The properties of freely circulating GRIs are modulated by three design variables: kf, Keq, and the dosage. We term each distinct permutation of the three a potential GRI design or a candidate, with its own hyper- and hypoglycemic risks. By probing the kf-Keq-dosage parameter space, the in silico preclinical simulations identify regions free from the said risks.
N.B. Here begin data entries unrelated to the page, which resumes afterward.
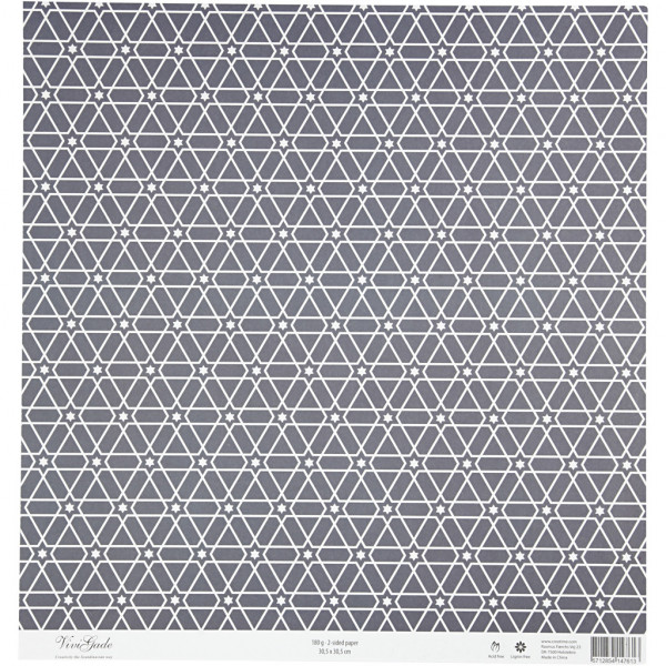 Design-Papier, Blatt 30,5x30,5 cm,  180 g, Weiß, Silber, Schwarz, Sternmuster / Hirsche, 3Bl. [HOB-22509]
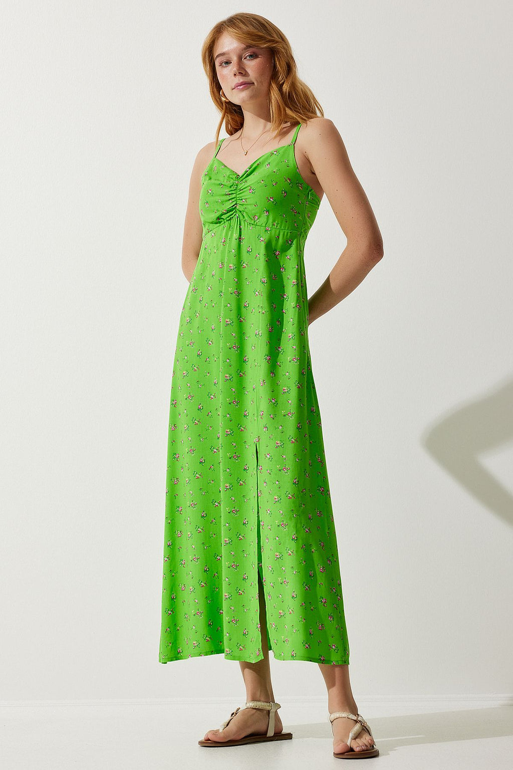 Female peanut green hanger with patterned viscose dress ub00236
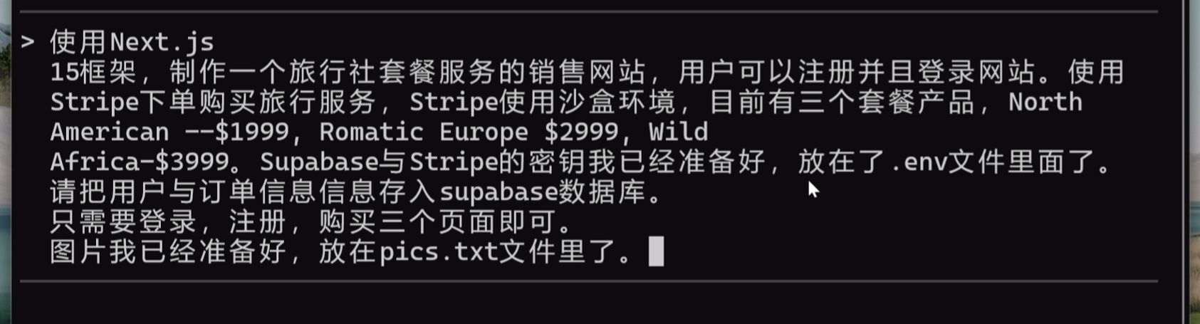 这次我使用EdgeOne MCP工具加AI,把它部署上线。这次我使用的AI编程工具是Claude Code。我的提示词是: 使用Next.js 15框架,制作一个旅行社套餐服务的销售网站。用户可以注册并且登录网站,使用Stripe下单购买服务,把用户与订单信息存入Supabase数据库。只需要登录、注册、购买三个页面。开发过程就略过不看了。我们直接看最后怎么部署。
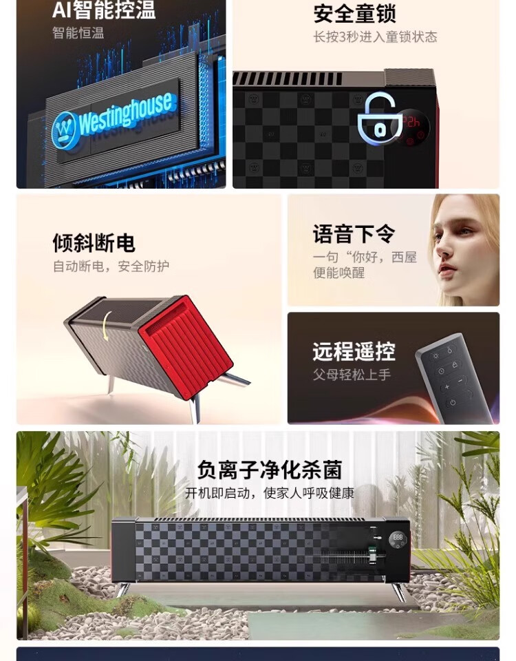 "商品名称:西屋AI声控速热踢脚线取暖器
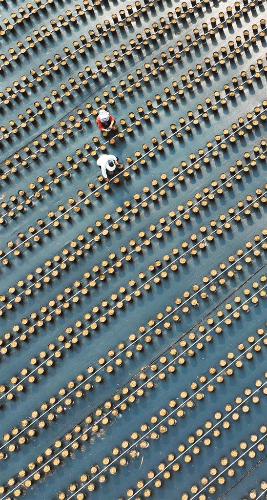 ▶5月5日,甘肃张掖市老寺庙农场辣椒种植基地,菜农使用无人机运送辣椒苗。
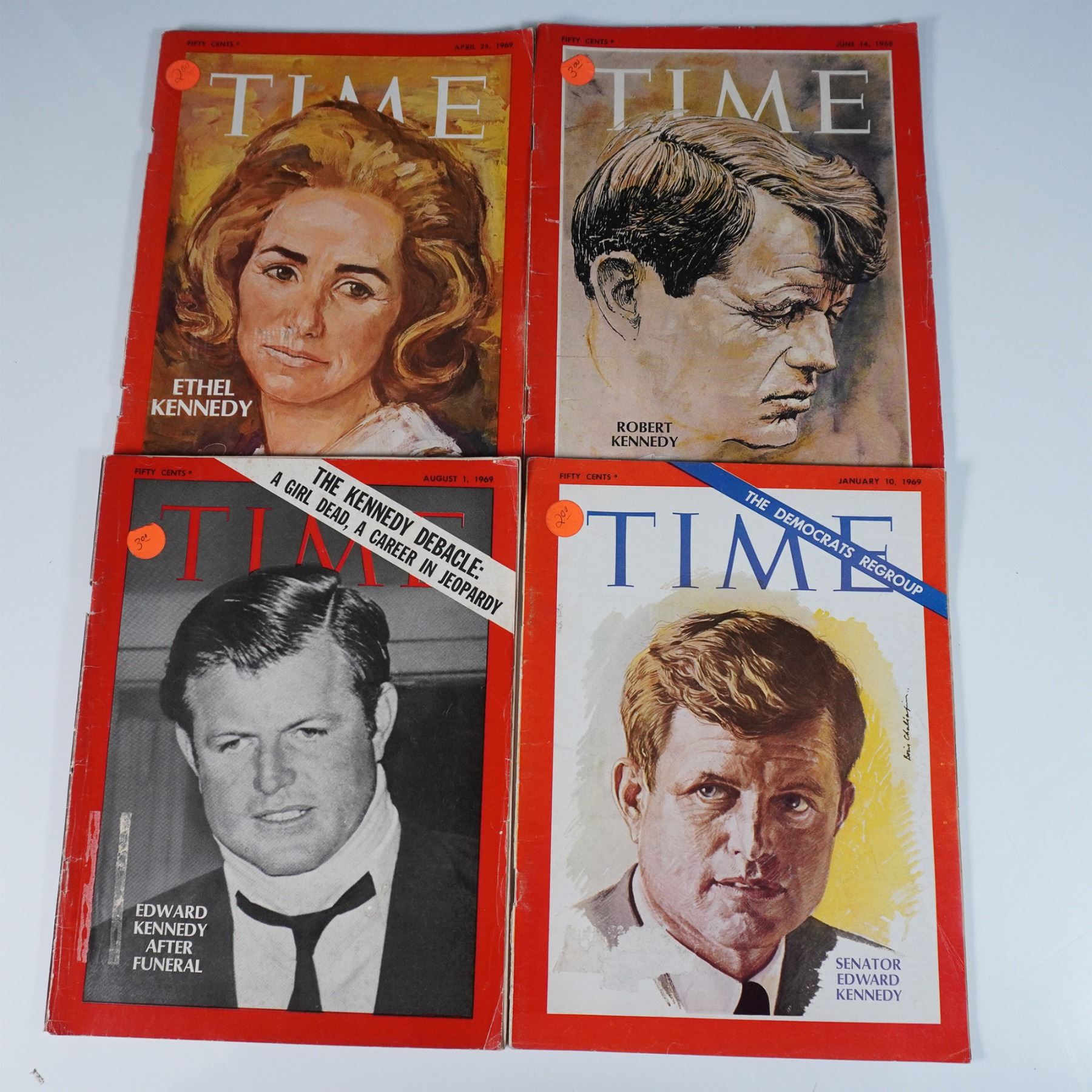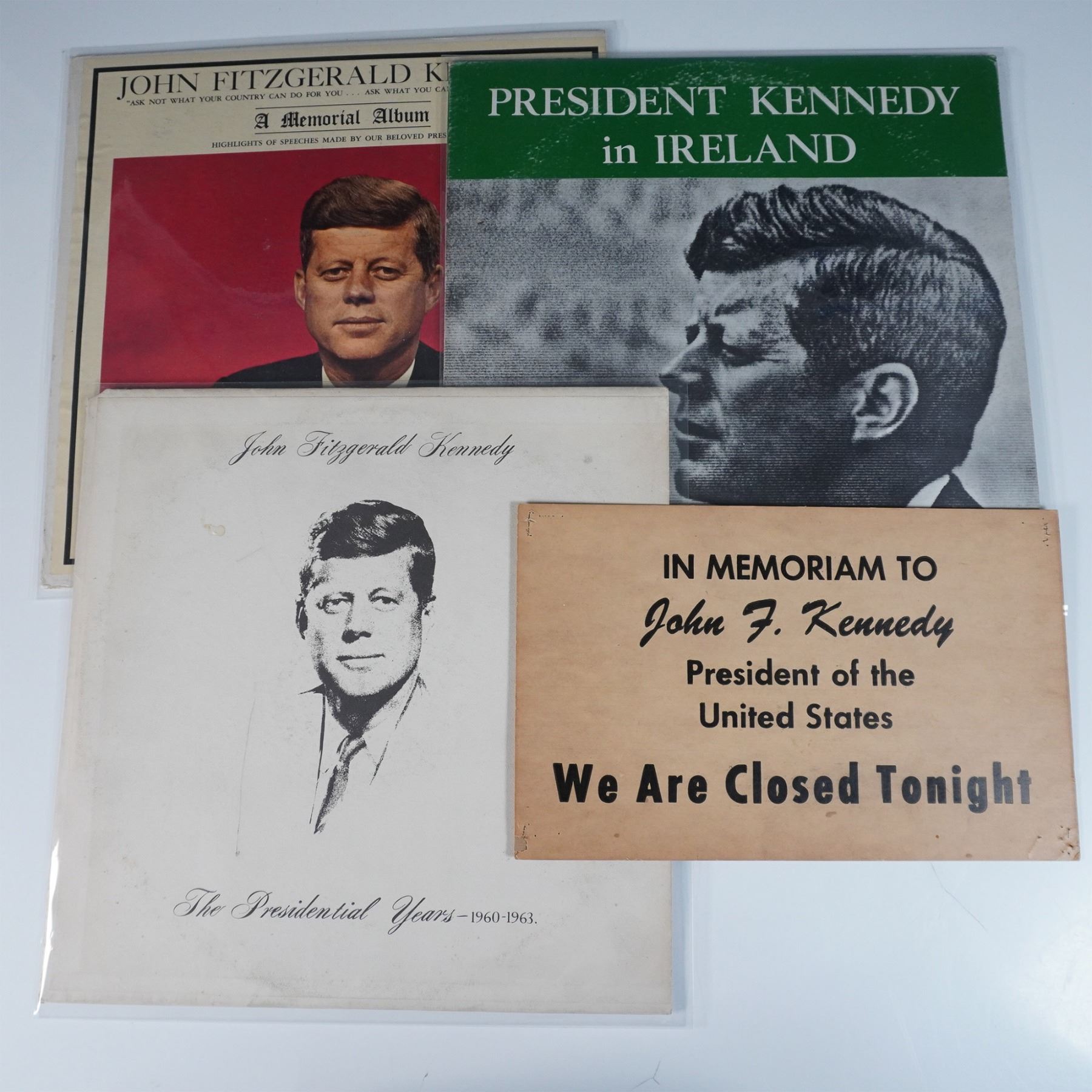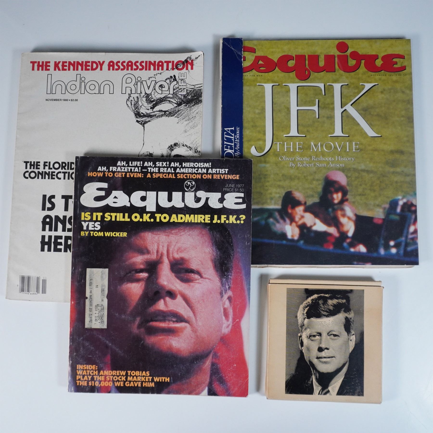 A collection of 12 vintage John F. Kennedy memorabilia items, including magazines, vinyl records, and historical publications. Features notable issues such as Esquire and TIME magazines covering JFK and the Kennedy family, along with records including John Fitzgerald Kennedy: A Memorial Album and President Kennedy in Ireland. Also includes an "In Memoriam" sign and a vintage 8MM film Man and President, distributed by Movie Newsreels. A unique historical lot commemorating one of America's most influential presidents. The dimensions of the collection measures: 13"H.

Finally, this simulation study is repeated for humans as well using the model of Bakh et al. (5). An interspecies cross-comparison reveals the similarities and dissimilarities among humans, rats, and mice and provides insights on drug translatability.

Data and Resource Availability

The data used in this study are available from the corresponding author upon request. No applicable resources were generated or analyzed.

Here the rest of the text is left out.